If you use our dataset, please cite our ACL 2020 paper: INFOTABS: Inference on Tables as Semi-structured Data. To explore the dataset online visit project page.
@inproceedings{gupta-etal-2020-infotabs,
title = "{INFOTABS}: Inference on Tables as Semi-structured Data",
author = "Gupta, Vivek and
Mehta, Maitrey and
Nokhiz, Pegah and
Srikumar, Vivek",
booktitle = "Proceedings of the 58th Annual Meeting of the Association for Computational Linguistics",
month = jul,
year = "2020",
address = "Online",
publisher = "Association for Computational Linguistics",
url = "https://www.aclweb.org/anthology/2020.acl-main.210",
pages = "2309--2324",
abstract = "In this paper, we observe that semi-structured tabulated text is ubiquitous; understanding them requires not only comprehending the meaning of text fragments, but also implicit relationships between them. We argue that such data can prove as a testing ground for understanding how we reason about information. To study this, we introduce a new dataset called INFOTABS, comprising of human-written textual hypotheses based on premises that are tables extracted from Wikipedia info-boxes. Our analysis shows that the semi-structured, multi-domain and heterogeneous nature of the premises admits complex, multi-faceted reasoning. Experiments reveal that, while human annotators agree on the relationships between a table-hypothesis pair, several standard modeling strategies are unsuccessful at the task, suggesting that reasoning about tables can pose a difficult modeling challenge.",
}
Carefully read the LICENCE and the Datasheet for non-academic usage.
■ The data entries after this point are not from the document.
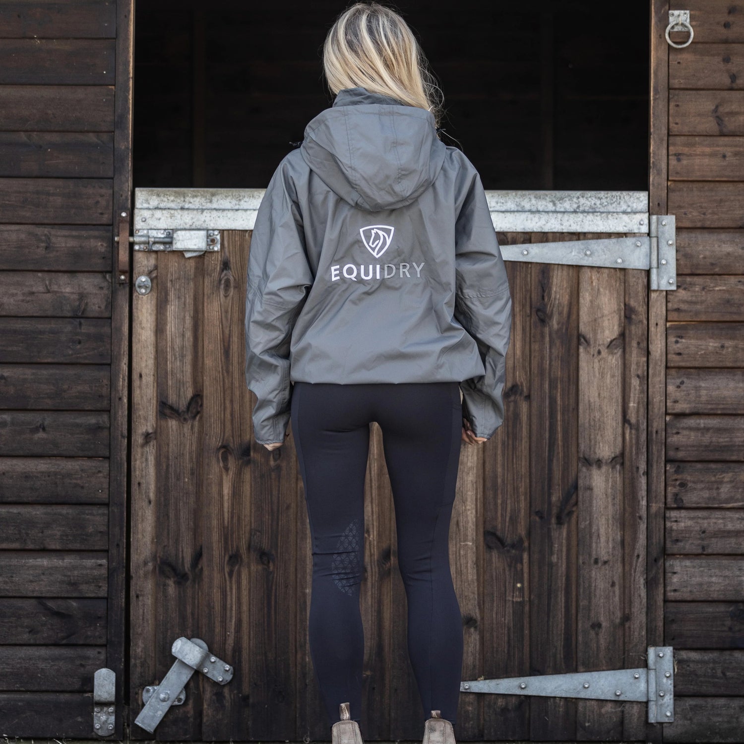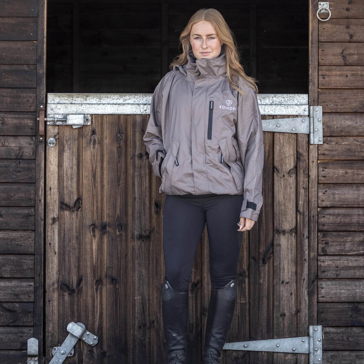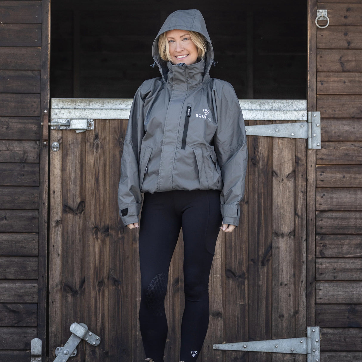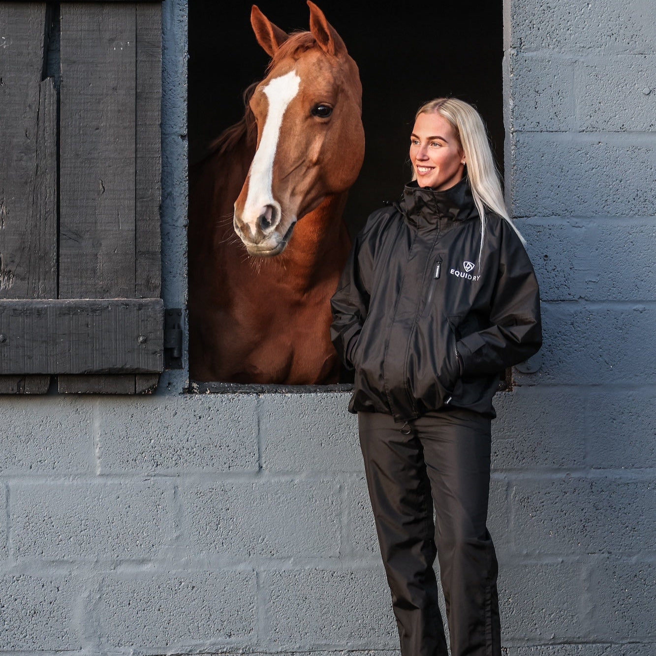 The EQUIDRY Shortie is a short, blouson-style jacket designed with advanced EQUIGUARD® technology, offering an impressive 20,000mm waterproof rating for outstanding protection against the elements. Its breathable mesh lining provides comfort in warmer weather while also allowing versatility for layering in colder conditions. The oversized, unisex fit ensures freedom of movement with ample room for additional layers or a body protector.
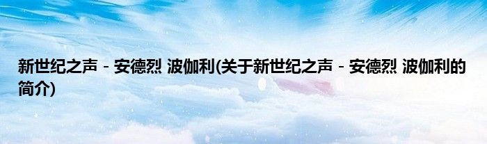 大家好,新世纪之声-安德烈。波伽利,关于新世纪之声-安德烈。波伽利的简介很多人还不知道,现在让我们一起来看看吧!
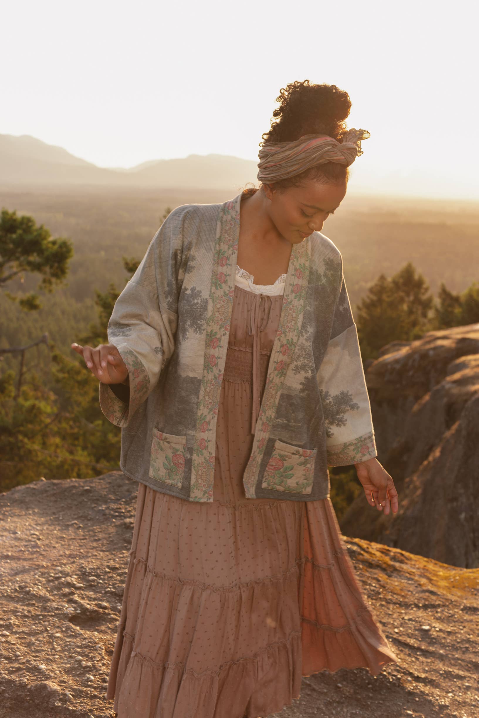 Crafted from cozy printed cotton & spandex lined with super soft poly-fleece, our Cottage Jackets combine the warmth and comfort of a cardigan with the style, versatility, and look of our stardusters. Dreamy, romantic, and full of hope — Still I Rise was created for those who meet each day with a loving and tenacious heart, come what may. We layered together several historic engravings from the 18th century to make this piece and married them with the captivating image of a woman boldly greeting the sun. There’s something so strong in her posture, and we love that she’s stepping forward to meet the day in her bare feet with joy! The trim comes from an intricate watercolour-and-ink drawing of an American heritage quilt from the 1930’s. Cardigan measurements: length approximately 65cm, width (across back, underarm to underarm) approximately 74cm. Model is 5’2”.
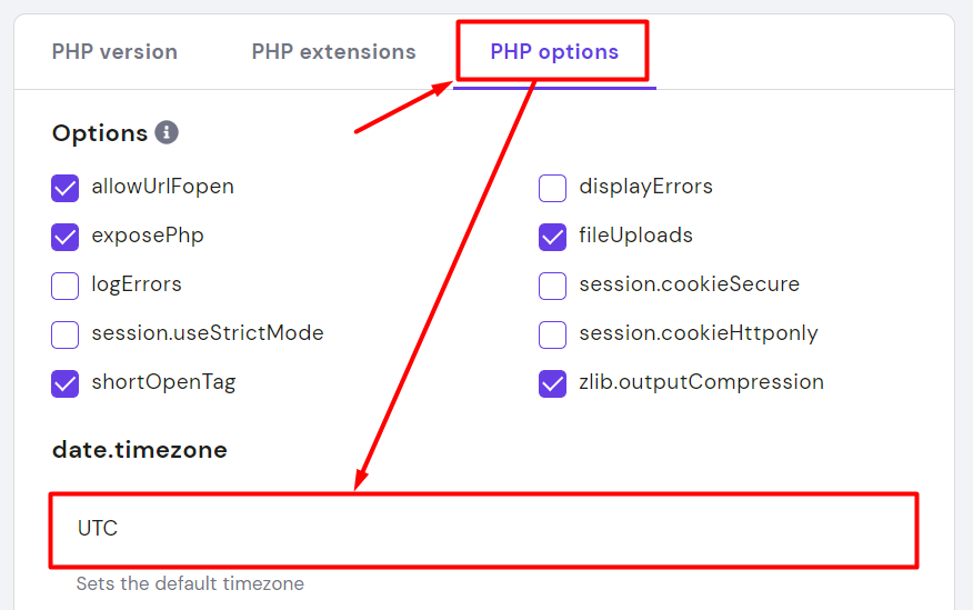 Хоча глобальну конфігурацію часу на Вашому сервері змінити неможливо, Ви можете встановити часовий пояс для свого сайту за допомогою hPanel або функції PHP:
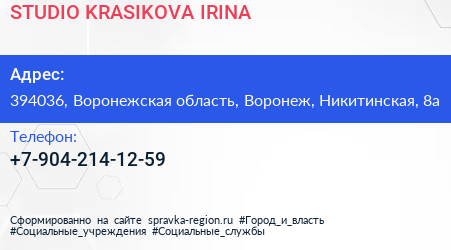 STUDIO KRASIKOVA IRINA по адресу 394036, Воронежская область, Воронеж, Никитинская, 8а в дальнейшем Организация, размещена в следующих категориях:
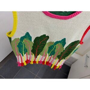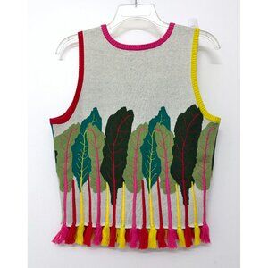 This Rachel Antonoff Rainbow Chard Shell Sweater Vest is in great condition! Features a colorful leafy greens / lettuce print (vegetable / veggie print). Cotton, round neck, sleeveless, tank style, tassel fringe detailing, cropped length.
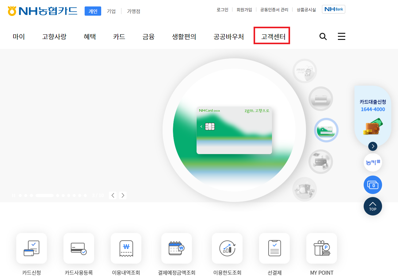 농협카드 홈페이지로 접속을 하게 되면 상단에 주요 메뉴가 위치해 있습니다. 마이, 고향사랑, 혜택, 카드, 금융, 생활편의 공공바우처, 그리고 고객센터가 위치해 있습니다.
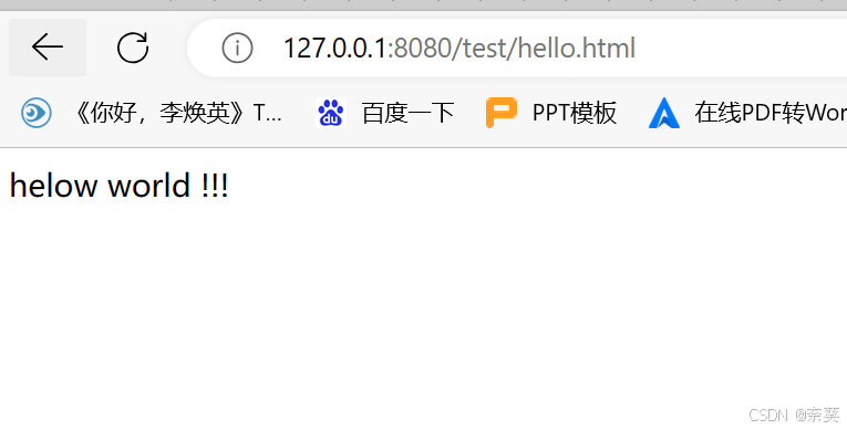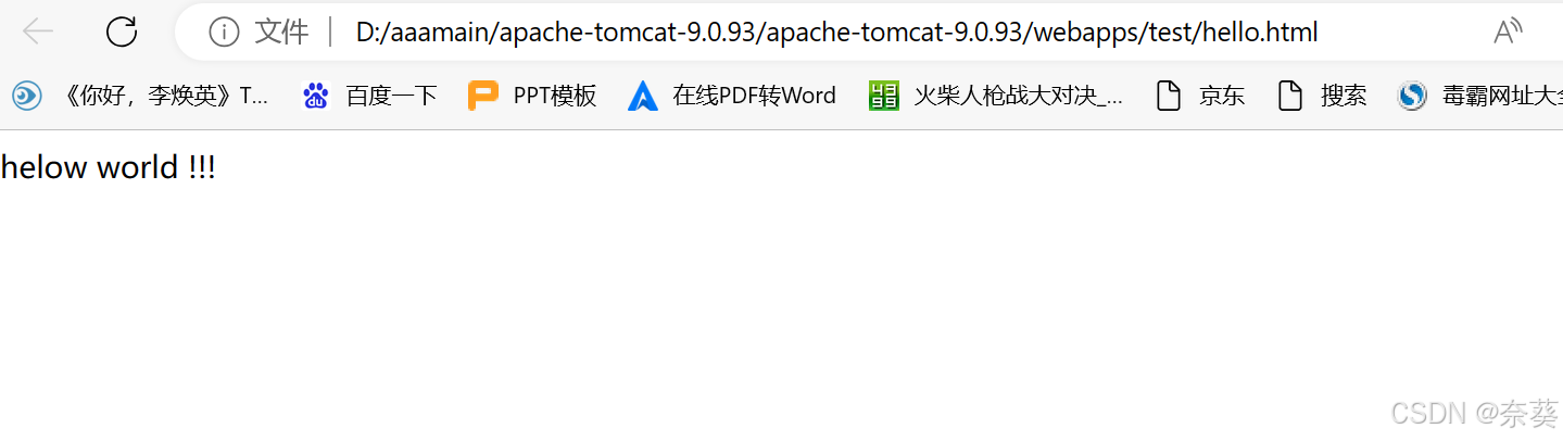 在webapps新建文件test,在test文件里创建hello.html文件,使用vscode编写内容,重新启动tomcat,浏览器输入127.0.0.1:8080/test/hello.html就可以打开该网页
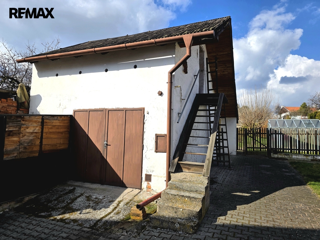 • Hospodářské zázemí: Na dvoře stojí samostatná stavba (stodola) s vraty a vlastním patrem. V přízemí je rozděleno na dvě části. První je využívána jako garáž/dílna a druhá část slouží jako sklad zahradního náčiní. Tento prostor je velmi vhodný např. na vybudování letní kuchyně.
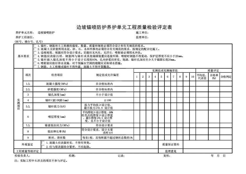 表格名称:边坡锚喷防护养护单元工程质量检验评定表
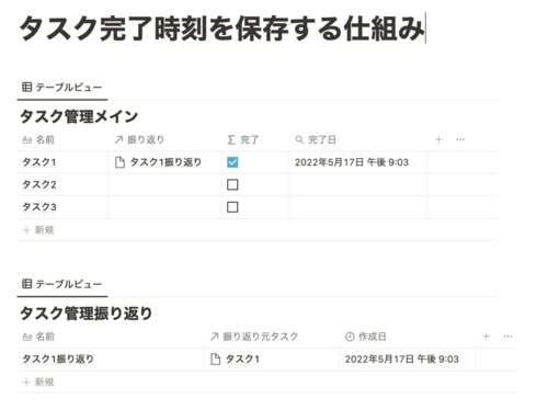 はじめに Notion Tokyo の「なんでも相談」にて以下の質問がありました。 タスク管理でタスクを完了したタイミングを自動で管理したいのですが、なるべくNotionのみで完結させる方法はないでしょうか。 フォーミュラでnowを使うと常に現在時刻が更新されてし…

After downloading, you have multiple sub-folders with several csv/tsv/html files. Each csv/tsv file in the sub-folders has 1st rows as a header:
data
│
├── annotation_info
│ ├── annoations_stats
│ │ ├── creators.tsv # amazon mturk annotator statistics (data annotators)
│ │ └── validation.tsv # amazon mturk annotator statistics (data validators)
│ └── templates
│ ├── annotation-template1.html # annotation template example 1
│ ├── annotation-template2.html # annotation template example 2
│ ├── annotation-template3.html # annotation template example 3
│ ├── annotation-template4.html # annotation template example 4
│ └── validation-template.html # validation template
│
├── maindata # primary infotabs dataset folder
│ ├── infotabs_dev.tsv # development datasplit
│ ├── infotabs_test_alpha1.tsv # test alpha1 datasplit
│ ├── infotabs_test_alpha2.tsv # test alpha2 datasplit
│ ├── infotabs_test_alpha3.tsv # test alpha3 datasplit
│ └── infotabs_train.tsv # training dataset
│
├── reasoning # reasoning statistic folder
│ ├── infotabs_dev.tsv # reasoning on subset of development datasplit
│ └── infotabs_test_alpha3.tsv # reasoning on subset of alpha3 datasplit
│
├── tables # tables folder
│ ├── html # tables premises in html format
│ │ ├── T0.html
│ │ ├── T1000.html
│ │ ├── T1001.html
│ │ ├── T998.html
│ │ ├── T999.html
│ │ ├── T99.html
│ │ └── T9.html
│ │
│ ├── json # tables premises in json format
│ │ ├── T0.json
│ │ ├── T1000.json
│ │ ├── T1001.json
│ │ ├── T1002.json
│ │ ├── T999.json
│ │ ├── T99.json
│ │ └── T9.json
│ └── table_categories.tsv # table categories
│
├── validation # validation annotations folder
│ ├── infotabs_valid_dev.tsv # validation annotations development dataset
│ ├── infotabs_valid_test_alpha1.tsv # validation alpha1 annotations datasplit
│ ├── infotabs_valid_test_alpha2.tsv # validation alpha2 annotations datasplit
│ └── infotabs_valid_test_alpha3.tsv # validation alpha3 annotations datasplit
│
└── LICENSE, Datasheet, README.md, logo #license,datasheet,dataset readme, logo files.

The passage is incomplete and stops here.